From a functional perspective Promise
is a poorly designed data type, because it is lawless, an unprincipled abstraction, rather belonging to the quirky part of Javascript.
In this brief post I will demonstrate another flaw of the Promise
type: It intermingles asynchronous computations that have an in-sequence semantics with those that have an in-parallel one.
Why should both forms be distinguished? Because...
- async computations in-parallel are not monads (in-sequence are)
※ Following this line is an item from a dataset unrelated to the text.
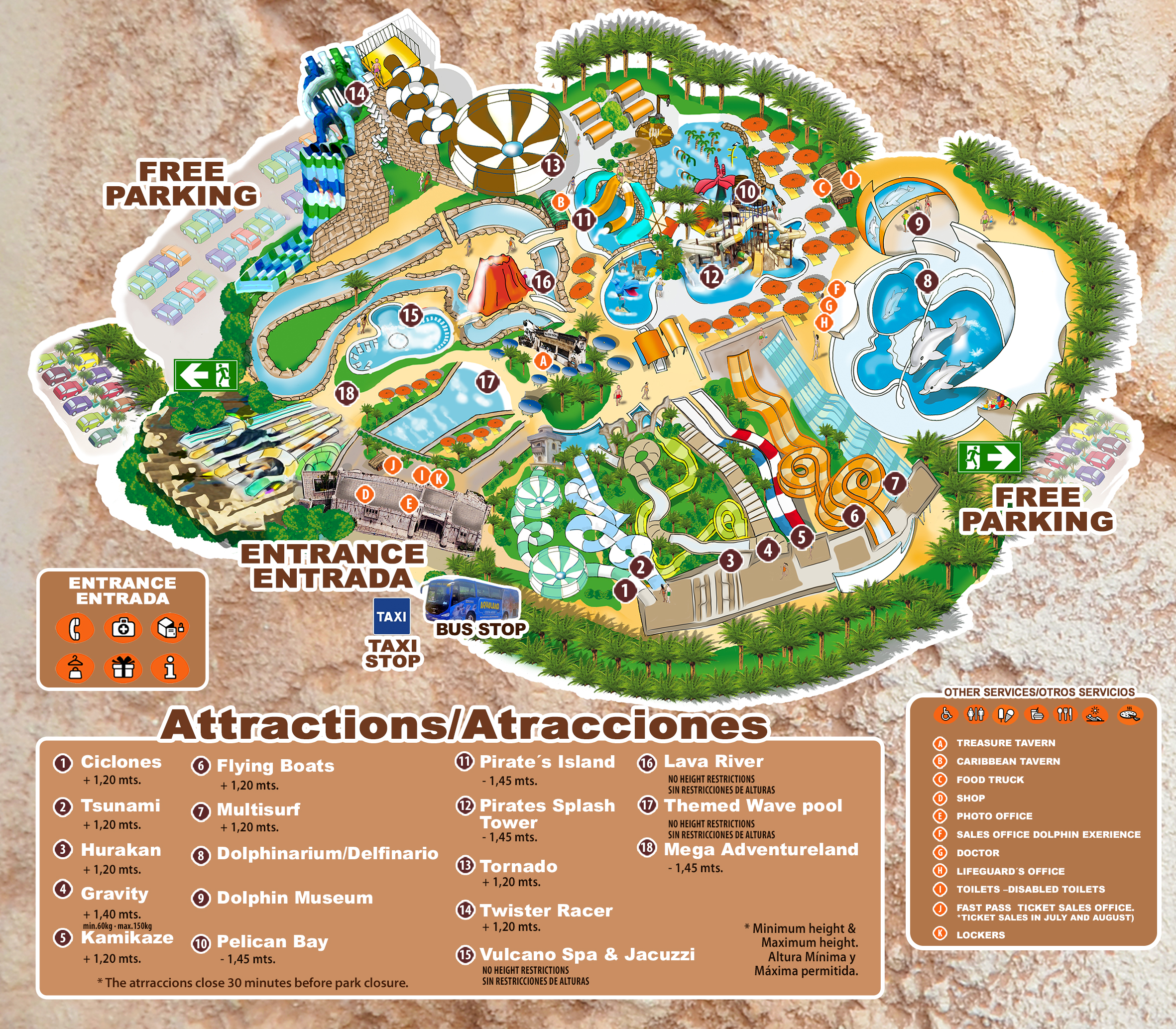 Las atracciones acuáticas se cierran 30 minutos antes del cierre del parque.

- both result in different algebraic structures
The former statement is clear, provided you know what a monad is. However, the ladder is a bit harder. Both forms of async computations are just very different and thus their approaches to handle different scenarios vary. Let's compare their monoids to illustrate this statement.
Task
- async in sequence
Task
sequentially performs asynchronous computations. It is a monad but also a monoid:
// Task type
const Task = task => record(
Task,
thisify(o => {
o.task = (res, rej) =>
task(x => {
o.task = k => k(x);
return res(x);
}, rej);
return o;
}));
// Task monoid
const tEmpty = empty =>
() => Task((res, rej) => res(empty()));
const tAppend = append => tx => ty =>
Task((res, rej) =>
tx.task(x =>
ty.task(y =>
res(append(x) (y)), rej), rej));
// Number monoid under addition
const sumAppend = x => y => x + y;
const sumEmpty = () => 0;
// some async functions
const delayTask = f => ms => x =>
Task((res, rej) => setTimeout(comp(res) (f), ms, x));
const tInc = delayTask(x => x + 1) (10); // 10ms delay
const tSqr = delayTask(x => x * x) (100); // 100ms delay
// MAIN
const main = tAppend(sumAppend) (tSqr(5)) (tInc(5));
// ^^^^^^^^^ monoid of the base type
main.task(console.log); // logs 31
Do you see how succinct this Task
implementation is compared to a Promise/A+ compliant one?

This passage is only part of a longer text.